There is no predicting the rhythm or timing of the blares. Sometimes they are short, insistent bursts suggesting urgency, danger, get out of my way. Other times, they are are long, languid squirls of sound, like the cries of a delighted lover. The cry of each train as it rattles through is so erratic, that I think it must surely reflect the different moods of the men pushing the horn. Before I got up to write, I lay awake and listened closely to what I imagined to be the morse code of yearning. Some railway guy was leaning against a metal cab interior, he finished a cigarette and flicked it out the window, he reached over and and pushed on the horn pedal (or pulled the lever, depending on how old the train is) according to how he felt about his life at that exact moment in time. And motionless under my mountain of borrowed blankets, miles away, I heard it and I got it. Like him, I could hear what the sound contains: the the off-key, stained satin, diaspora of emotion that sums up our lives.

The freight trains have been providing the romantic soundtrack to our new lives, as Tanya and I settle into our second floor apartment, right above our buddies Scotty and Dan. My nights of sleeping on the floor of Scott and Dan’s basement were now over. No longer did I have to battle with my constantly deflating air mattress while Tanya rustled and flopped behind the makeshift curtain that Scott had pinned up to separate our sleeping areas. I had my own completely solid mattress – heaven! T and I each had our own room – heaven again! It was typical of the great good fortune that had swooped upon us as soon as we arrived in Pittsburgh: the cheap, groovy little oak paneled, bi-level apartment above our hosts just happened to have become vacant. It was all too easy – why don’t we just move in?

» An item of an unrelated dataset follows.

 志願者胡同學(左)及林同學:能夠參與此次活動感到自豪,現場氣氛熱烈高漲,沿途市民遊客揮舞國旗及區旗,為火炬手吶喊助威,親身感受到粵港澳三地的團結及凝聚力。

We did, however, have one hurdle to cross before we could settle down after our exhilarating but exhausting 5 months of being on the road. And that was our potential landlord, Jim. We needed to persuade Jim to hand over the keys to us, that we would be good tenants. Jim, according to Scotty, was around quite a bit. And usually fairly tanked.

We first met Jim when one day he was bustling into the back yard, about to climb to the steps to the 2nd floor apartment. Scott saw him from the kitchen window and called him over to introduce us. He poked his head into the kitchen, saw us, and his eyes bugged. He knew that Scotty and Dan had a couple of Australian women, “aussie chicks” staying with him for a while: but our corporeality, the actual sudden presence of two female bodies in a house that had previously only contained two young male bodies clearly hit him with some force. He barked a slightly startled hello and after some awkward pleasantries, asked with great curiosity how long we intended to stay. When we replied maybe for the long term, and that we might be interested in the 2nd floor apartment, Jim looked even more startled and affected a skeptical stance: “Well. We’ll see, we’ll see. We can talk abart it, we can talk abart it.” He backed away and retreated up the back stairs, carrying his 6 pack of Yuengling lager.

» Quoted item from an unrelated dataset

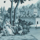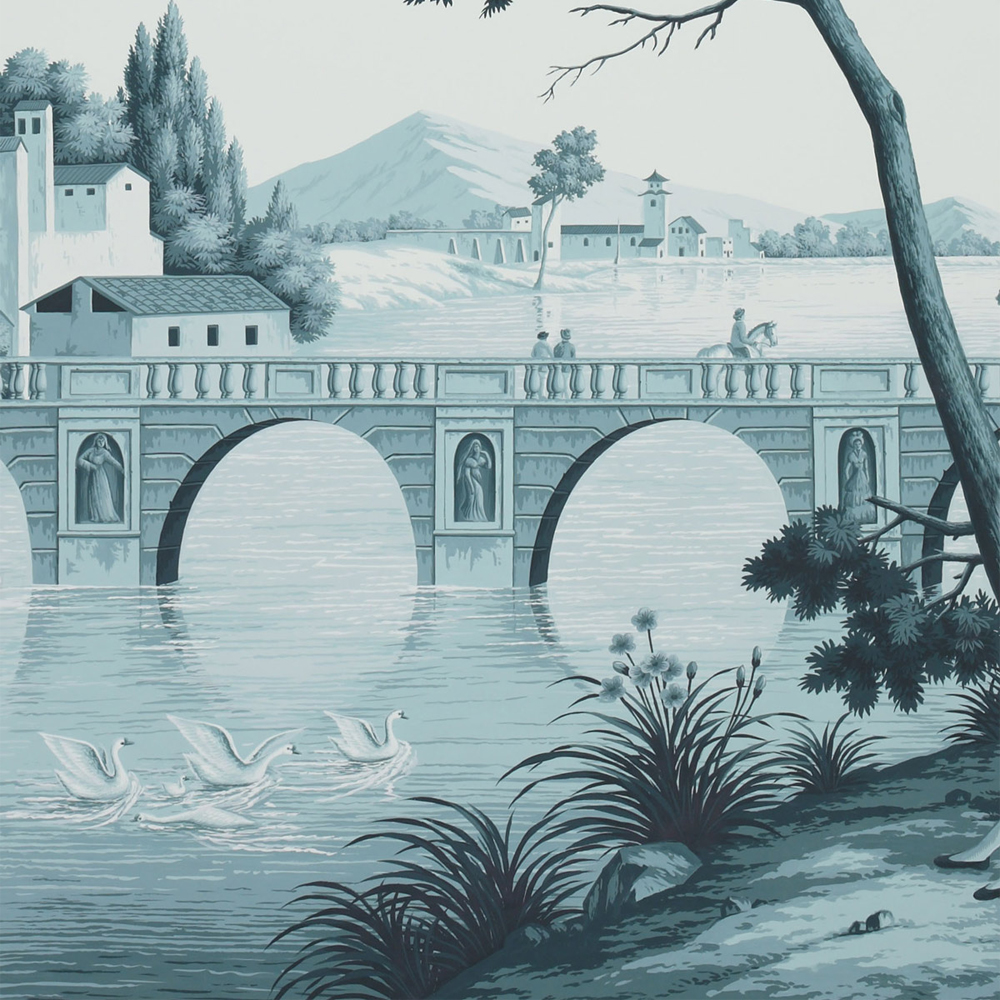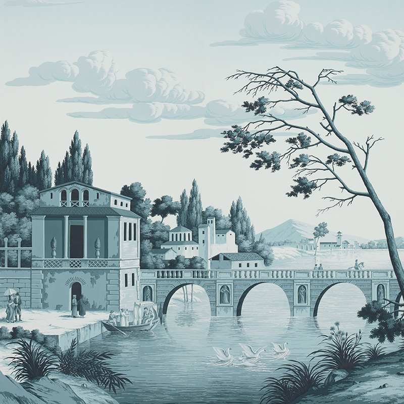 Красивый пейзаж в лаконичном монохроме: на фоне величественного моста через реку, высоких кипарисов и мягких облаков разворачиваются сцены из жизни старинного итальянского городка. Эти обои создадут в вашем пространстве истинную романтическую идиллию.

Over the next couple of weeks, Jim’s presence became familiar, as every second day he bustled up and down the back stairs and rattled and banged away upstairs fixing whatever it was that needed fixing in the wake of the last tenant. Jim was probably in his late 40s, early 50s, and was a ‘yinzer’ – what the locals call native Pittsburghers. This meant he was never without a baseball cap, even (or especially) indoors and at night, talked in a crimped, guttural Pittsburgh accent, drank goodly amounts of lager, barracked for the Steelers and engaged in a blue collar profession – in Jim’s case, he was a plumber. Tanya had further expanded on the classic yinzer definition by including what she regarded as the defining physical characteristics of native Pittsburgh men: they looked like moles. Cute, cuddly moles perhaps, but moles nevertheless.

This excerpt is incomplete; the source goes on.